Aqueles de nós que tiveram o privilégio de ter acesso à escola estudamos a Peste Negra na Alta Idade Média, a Revolução Francesa, a Segunda Guerra Mundial etc., com tendência a acreditar que o pior já tinha ficado para trás, que a humanidade de alguma forma já tinha evoluído para além disso e que seguíamos em direção a um futuro promissor. 

Até que, como tem acontecido em tantas partes do mundo, na última década o Brasil embarcou em uma onda de ódio, culminando na crise política e de identidade que testemunhamos hoje. Para piorar, desde o ano passado atravessamos a maior crise sanitária da história do país, o que intensificou não apenas a polarização como todas as outras crises que já vínhamos atravessando, como a econômica e o desemprego.   

Panorama maior

Desde o começo de 2020 muitos de nós temos nos sentido como que vivendo em um filme de ficção científica ou em um grande momento histórico, como os citados acima, no sentido de ruptura com o modo como vínhamos vivendo. E provavelmente é isso que vai acontecer, como cantava Milton Nascimento com o seu Clube da Esquina, “nada será como antes”. O que não é necessariamente ruim se você atentar para o panorama maior. 

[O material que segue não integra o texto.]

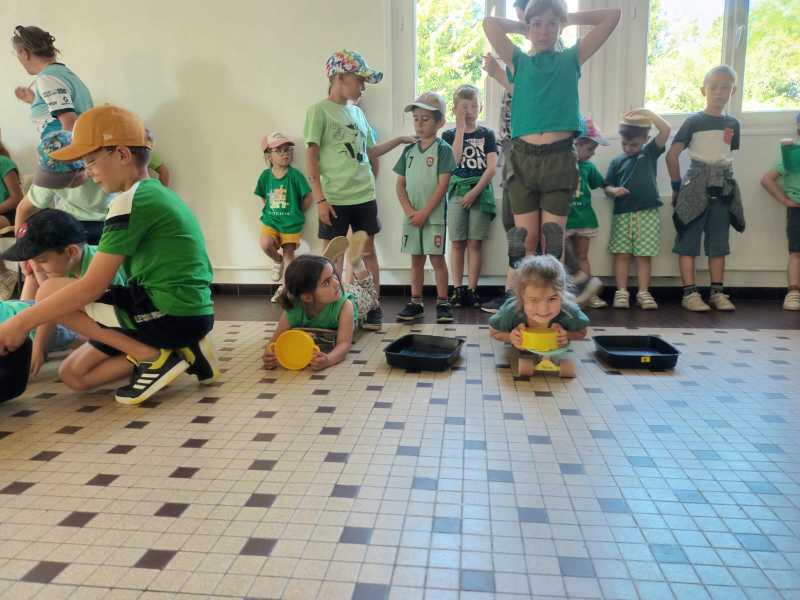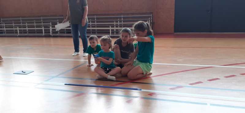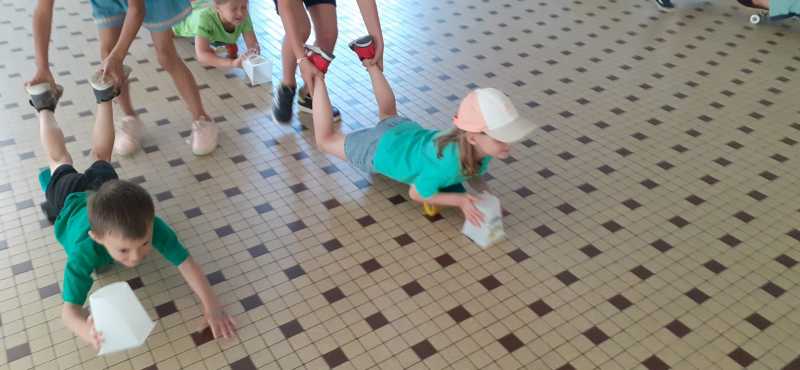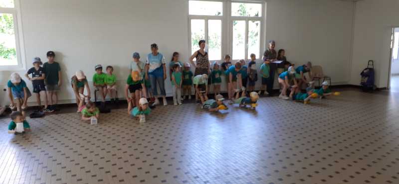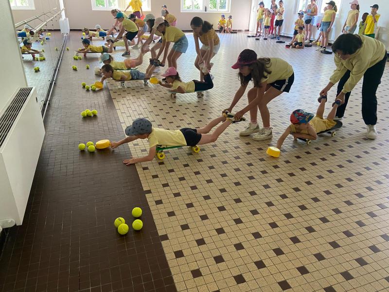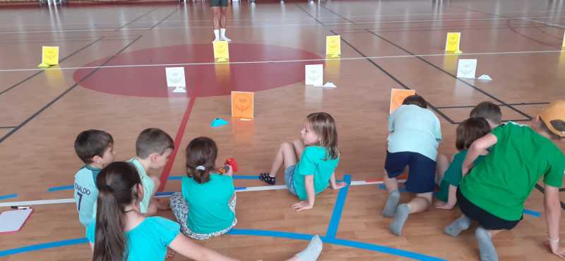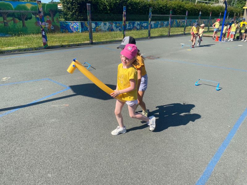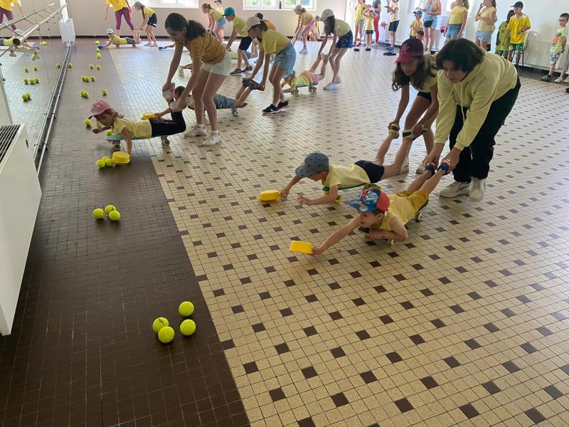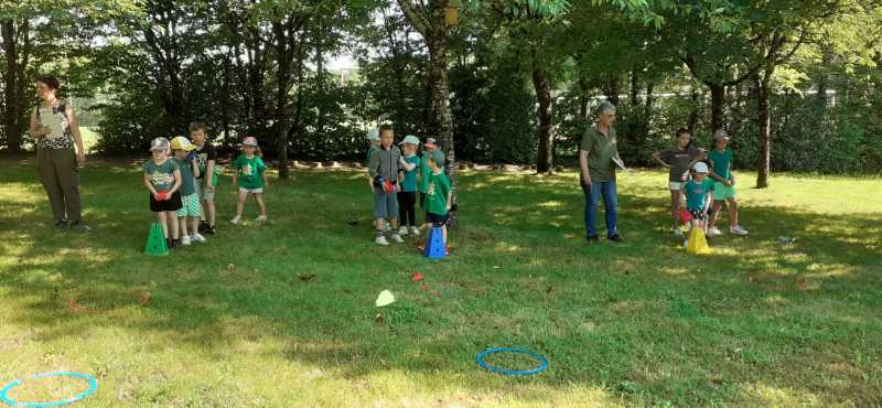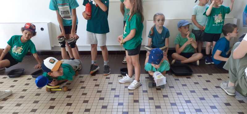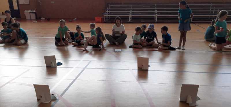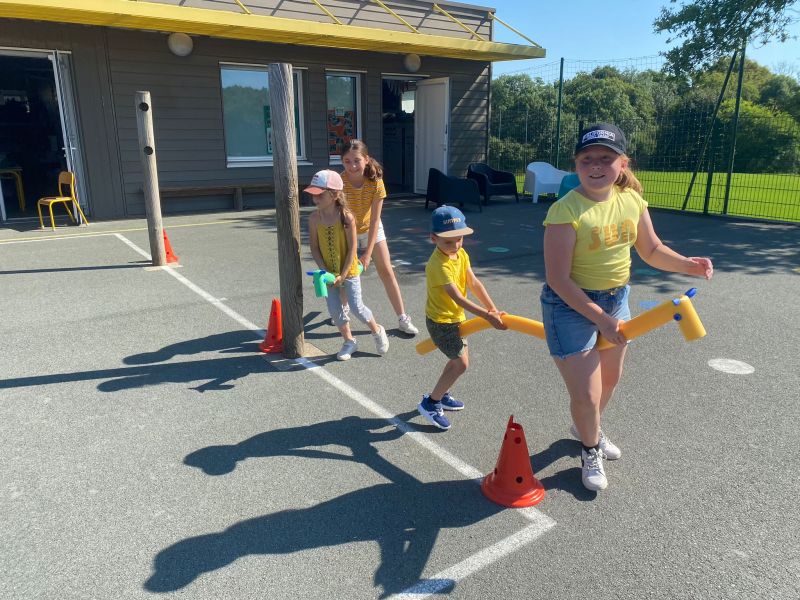 Puis, après un petit échauffement, les équipes ont commencé le roulement des 5 ateliers : le tir avec des Nerfs, les chaises musicales collaboratives, l’hippo-glouton avec skateboard, lancer de sacs dans des cerceaux et relais de -frites à 2.

Se observarmos a história percebemos que cada momento em uma sociedade pareceu que entraria em colapso foi sucedido por uma mudança, muitas vezes para melhor, na maneira como ela se organizava. Sempre encontramos ao menos uma tentativa de solução, mesmo que temporária. 

Momento sem precedentes 

Vivemos um momento sem precedentes em que os oprimidos têm voz, seu sofrimento ganha repercussão, o que se oferece como uma oportunidade para aprendermos a nos colocar no lugar do outro, para praticarmos a empatia que Jesus Cristo nos ensinou. Pense na repercussão global que o movimento Black Lives Matter teve no ano passado e como desde então pautas sobre desigualdade ou casos de racismo e violência física contra negros ganham cada vez mais visibilidade.  

Não é exagero pensar que não sairemos desta da mesma maneira. Embora o politicamente correto ainda seja visto com maus olhos por algumas pessoas, ele é a prova clara de que estamos revendo a maneira como tratamos um ao outro, como lidamos com a diferença. O que é um processo civilizatório importante para nos tornarmos uma sociedade mais justa e mais inclusiva. Portanto, possíveis mudanças que venhamos a testemunhar nesse sentido devem surgir como uma guinada para melhor, logo não devemos temê-la, apenas ter paciência e calma para atravessar o choque de opiniões e de narrativas que testemunhamos dia após dia. Pois, como já cantava Belchior: “É você que ama o passado e que não vê / Que o novo, o novo sempre vem”.